1. Entitlement to avail Modvat credit under Rule 57Q for manufacturers under the Compounded Levy Scheme (CL Scheme).
2. Applicability of the second proviso to Rule 96ZI(1) and its prospective or retrospective effect.
3. Time-bar for demand of duty under Rule 96ZL.
4. Validity of adjudicatory proceedings under Rule 96ZL post its repeal.

Detailed Analysis:

1. Entitlement to Avail Modvat Credit under Rule 57Q:

The appellants, engaged in the manufacture of embroidered fabrics using vertical automatic shuttle type machines, were paying duty under the CL Scheme of Section E-IX of Chapter V of the Central Excise Rules, 1944. The department alleged that the appellants had wrongly availed Modvat credit on capital goods under Rule 57Q and utilized this credit for duty payment on their final products. The central issue was whether manufacturers under the CL Scheme could legitimately avail Modvat credit on capital goods prior to the amendment of Rule 96ZI on 2-6-1998.

The appellants argued that Rule 57Q did not differentiate between manufacturers under the CL Scheme and those under the Self-Removal Procedure (SRP). They contended that the second proviso added to Rule 96ZI(1) by Notification No. 15/98-C.E. (N.T.) on 2-6-98 had only prospective effect, making their prior credit availing legitimate.

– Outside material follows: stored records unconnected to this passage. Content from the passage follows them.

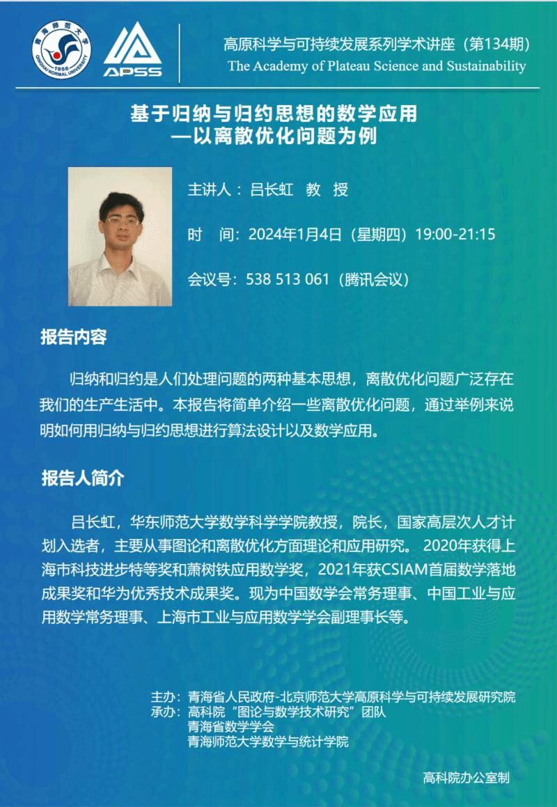 讲座(在线):1月4日 吕长虹 基于归纳与归约思想的数学应用—以离散优化问题为例
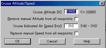 B次に、メニューの Plan→Cruise Altitude/Speed...を選択しますと、この画面が出ます。 ここでプランの基礎データを入力しておきます。 巡航高度 19000ft、 巡航速度 310ktsですね。 |
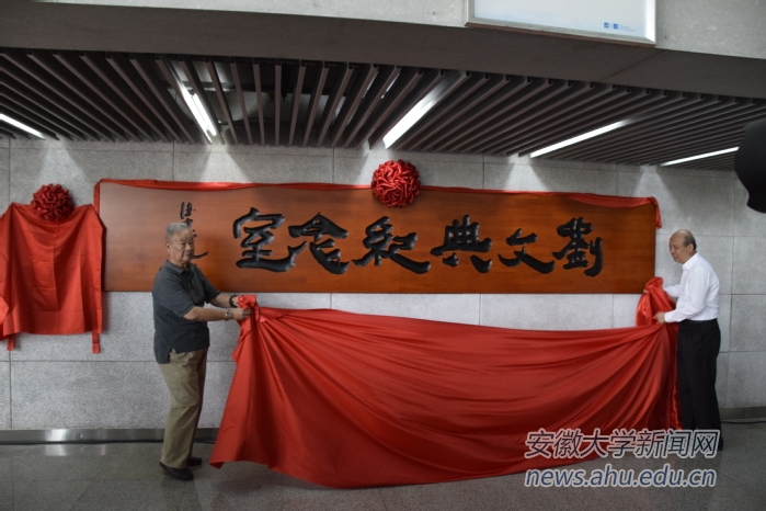 本网讯(新闻中心蒋晶晶张景)9月7日上午,安徽大学刘文典纪念室揭幕暨“九三学社全国传统教育基地”授牌仪式,在磬苑校区文典阁一楼举行。校党委副书记、常务副校长王群京和刘文典先生后人刘平章为刘文典纪念室揭幕,安徽省政协副主席韩军与九三学社中央副主席、九三学社安徽省委主委、中国科学技术大学常务副校长、中国科学院院士潘建伟为“九三学社全国传统教育基地”授牌。校党委副书记、纪委书记胡小松主持,党委常委、副校长虞宝桃、俞本立、薛照明出席。
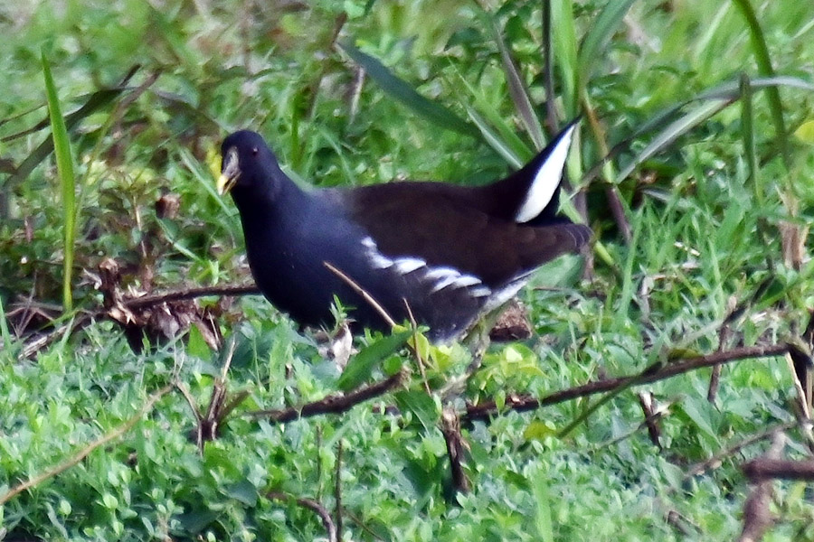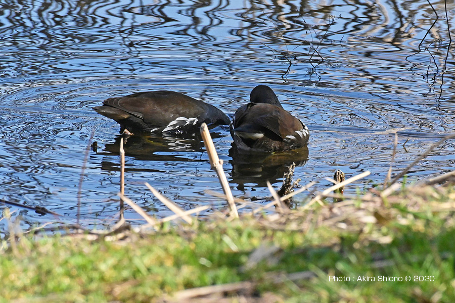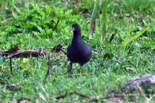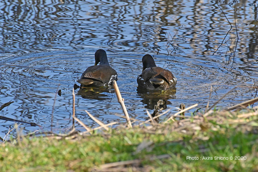 観察施設の側で見かけるバンは水辺に向かっていることが多く、比較的後ろ姿が多く撮影していました。今回、東淡水池から潮入の池に流れ込む水路の小高い岸で数羽が餌を探しながら休んでいる姿を見つけることができました。 水辺のバン トップへ

2. Applicability of the Second Proviso to Rule 96ZI(1):

The department maintained that the second proviso to Rule 96ZI(1) was clarificatory and not merely prospective. The Tribunal noted that the special provisions of Section E-IX of Chapter V, including Rule 96ZI, applied to embroidery manufacturers in substitution of general provisions, including Modvat rules. The Tribunal concluded that the special procedure under Rule 96ZI excluded the applicability of Modvat provisions, and the second proviso added on 2-6-98 was merely clarificatory of this existing legal position.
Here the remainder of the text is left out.